California’s home insurance plan for those unable to secure coverage on the private market is facing a financial deficit. The plan, known as the FAIR Plan, needs an influx of funds to settle claims related to the recent Los Angeles wildfires.
State regulators announced Tuesday that the FAIR Plan will collect $1 billion from private insurance companies operating in California to cover its claims. This action is expected to cause an increase in homeowner insurance costs throughout the state.
This development represents a critical point for California’s home insurance market. The market has already been strained by wildfires, which have become more frequent and severe due to climate change. Facing growing losses, major insurers, such as State Farm, had already begun to reduce their presence in the state, making it more challenging for homeowners to secure coverage. This new assessment is likely to exacerbate the pressure on these insurers.

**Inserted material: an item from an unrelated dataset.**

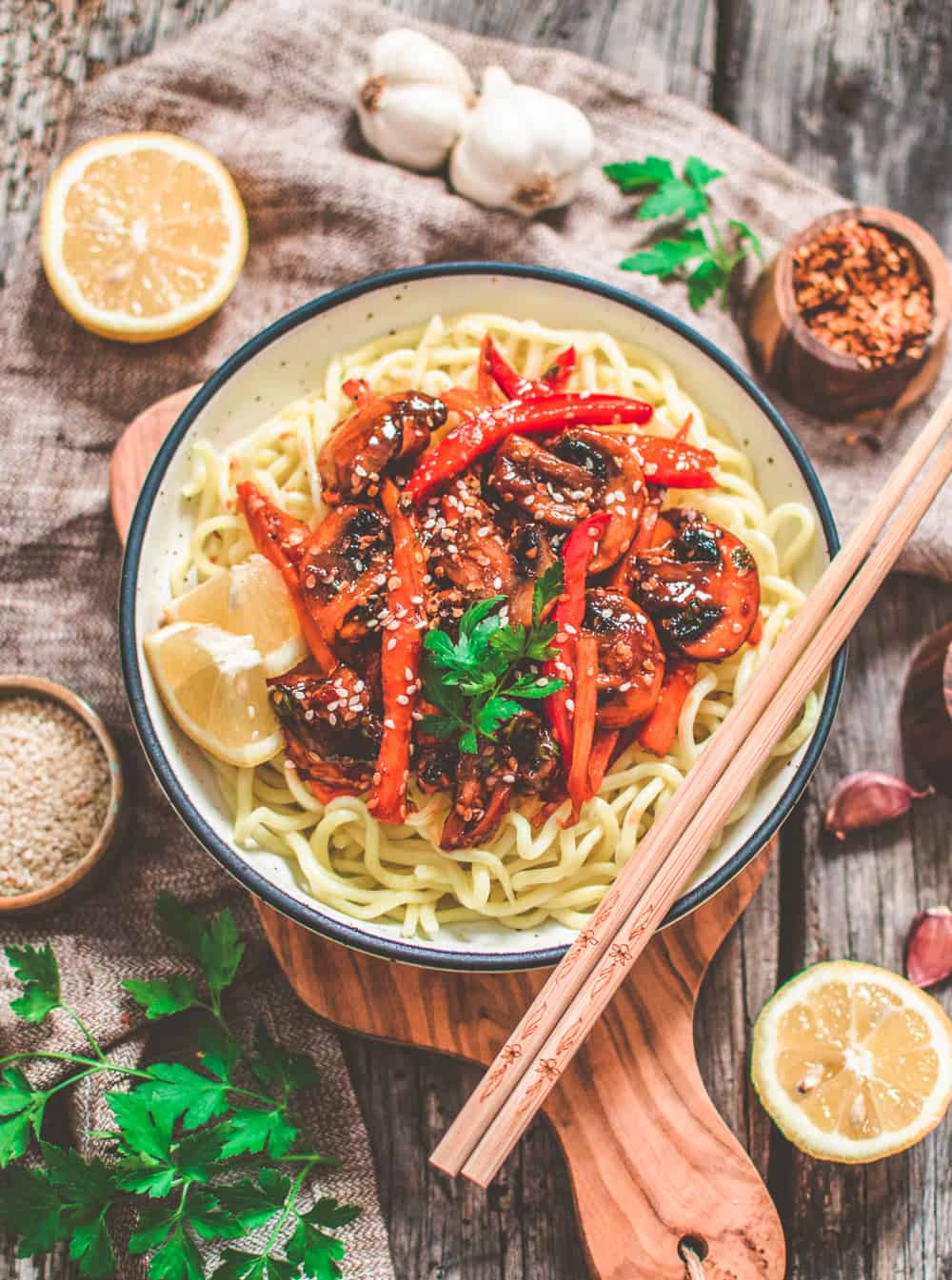 Your eyes are immediately delighted with the sight of contrasting color combinations and the superb smell of spices that will knock your socks off! The triple texture of this dish with its soft mushrooms, slightly firm veggies, and smooth & curly noodles will touch your tongue in a terrific way. Crunchy carrots and toasted sesame seeds burst the sound bubble of this delicious dish, which delicately dances on your taste buds.

The $1 billion assessment is the largest since the FAIR Plan’s inception in 1968. It’s also the first time since the 1994 Northridge earthquake near Los Angeles that the FAIR Plan has been unable to cover claims independently. The fee will be distributed among insurers based on their market share, as mandated by state law.
“The primary focus is to ensure that the FAIR Plan can fulfill its claims,” stated Ricardo Lara, California’s insurance commissioner, in an interview. “The FAIR Plan is operating as intended, given the current circumstances.”
According to data from AM Best, a company that assesses the financial strength of insurers, the largest insurers in the state by market share in 2023 were State Farm, Farmers Insurance Group, and CSAA Insurance. Other prominent insurers in the top 10 included Liberty Mutual, Allstate, and Travelers.